Scan the records below for the line with "class, e.g., 4" and the line with "DescriptionThis is an", and retype that range exactly, both ends included, pictures excepted.
[[ RECORD EXTRACTS open ]]
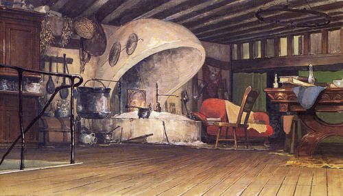 « Abondamment figurée en peinture, la cuisine apparaît comme un lieu majeur dans toute habitation. Si sa représentation diffère d’une œuvre à l’autre selon qu’il s’agit d’un espace spécifiquement affecté aux tâches culinaires dans une maison aristocratique ou d’un coin de l’unique pièce des maisons villageoises, la cuisine et sa cheminée concentrent des activités diverses. Les enfants y trouvent souvent un espace de jeu, les vieilles personnes une source de chaleur et un lieu de convivialité, tandis que les femmes y travaillent une grande partie de la journée. C’est pourquoi, dans les images, elle forme un univers complet et cohérent et nous donne à voir un intérieur dans son intimité2. »
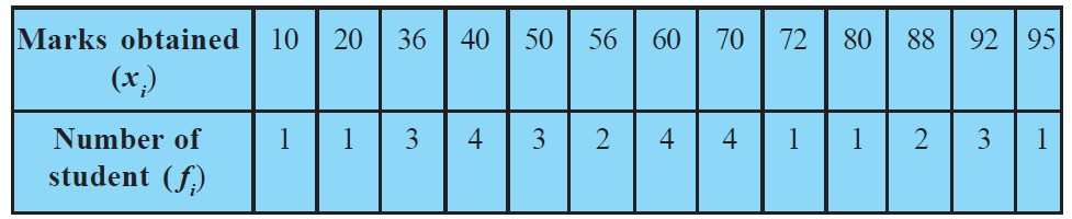class, e.g., 4 students who have obtained 40 marks would be considered in the classinterval
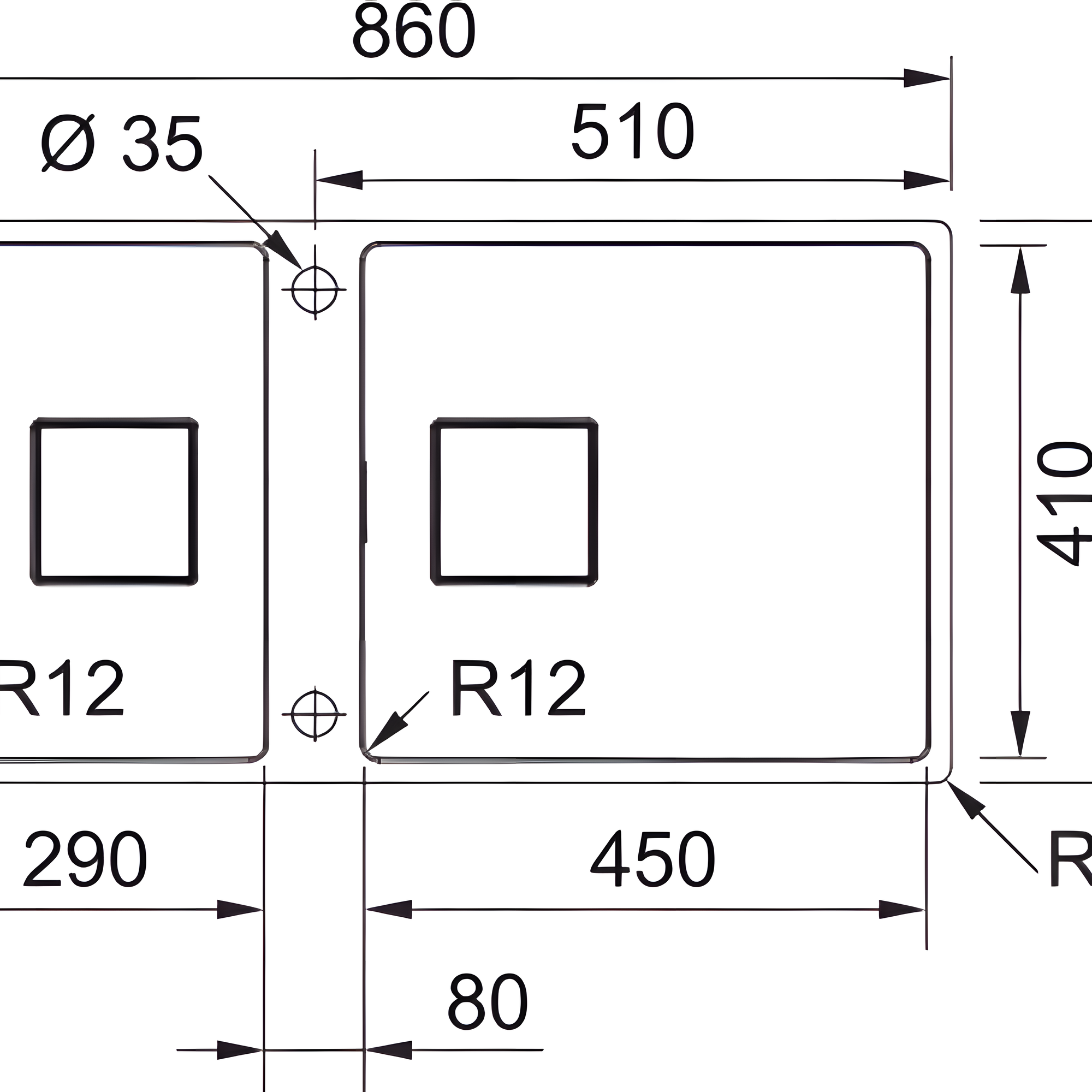 Cuba 1: largura 450 mm × profundidade 410 mm × profundidade útil 200 mm
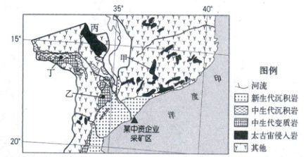 3. 甲、乙、丙、丁四地中,最有可能是该采矿区成矿物质来源地的是(
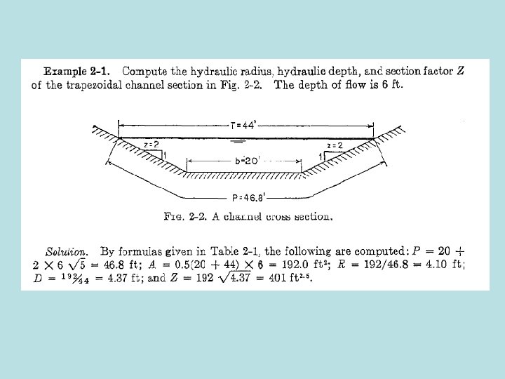 Fr – Subcritical or Supercritical • Open-Channel Flow: – Subcritical (fluvial) Flow – Fr < 1 (Disturbance waves can not be transferred upstream against flow) – Critical Flow – Fr = 1 – Supercritical (Torrential) Flow – Fr > 1
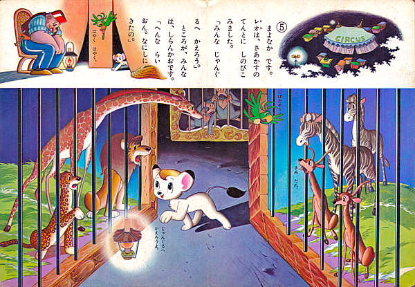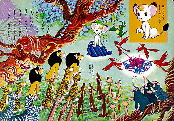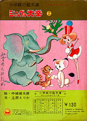 DescriptionThis is an original vintage Japanese child's board book of Kimba the White Lion (Jungle Emperor). It measures approximately 10.5 inches high by 7.5 inches wide. It is used with minor wear. There are small stains on some pages and the back cover. In general the colors are very bright and the book displays very nicely. Some sample pages are shown below.![]() ![]() ![]() ![]() This book is overall in excellent condition for its age. It has 16 pages and shows Kimba sailing off from the jungle in a hot air balloon, finding a circus, and befriending the animals there. |
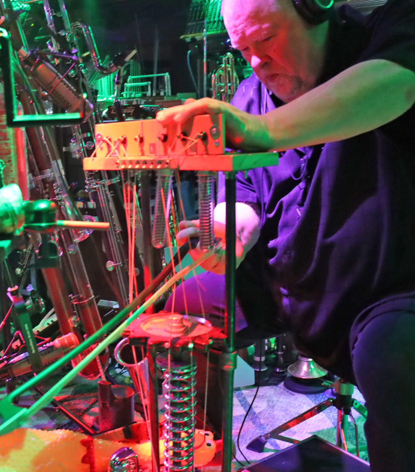 PEK – clarinet, basset horn, contralto & contrabass clarinets, alto & tenor saxophones, shenai, piccolo oboe, medieval horn, sheng, melodica, accordion, alto flute, ocarinas, brontosaurus & tank bells, spring & chime rod boxes, 17 string bass, [d]ronin, Godzilla harp, lfo percolator, moog subsequent, novation peak, Linnstrument controllers, ms-20, prophet, gongs, plate gong, wood & temple blocks, log drums, Englephone, danmo, triangle chimes, Tibetan bells & chimes, almglocken, array mbira, orchestral chimes, array mbira, kalimba, triangle chimes, cow bells
[[ RECORD EXTRACTS closed ]]
■ **OUTPUT**
class, e.g., 4 students who have obtained 40 marks would be considered in the classinterval
 Cuba 1: largura 450 mm × profundidade 410 mm × profundidade útil 200 mm
 3. 甲、乙、丙、丁四地中,最有可能是该采矿区成矿物质来源地的是(
 Fr – Subcritical or Supercritical • Open-Channel Flow: – Subcritical (fluvial) Flow – Fr < 1 (Disturbance waves can not be transferred upstream against flow) – Critical Flow – Fr = 1 – Supercritical (Torrential) Flow – Fr > 1
 DescriptionThis is an original vintage Japanese child's board book of Kimba the White Lion (Jungle Emperor). It measures approximately 10.5 inches high by 7.5 inches wide. It is used with minor wear. There are small stains on some pages and the back cover. In general the colors are very bright and the book displays very nicely. Some sample pages are shown below.![]() ![]() ![]() ![]() This book is overall in excellent condition for its age. It has 16 pages and shows Kimba sailing off from the jungle in a hot air balloon, finding a circus, and befriending the animals there. |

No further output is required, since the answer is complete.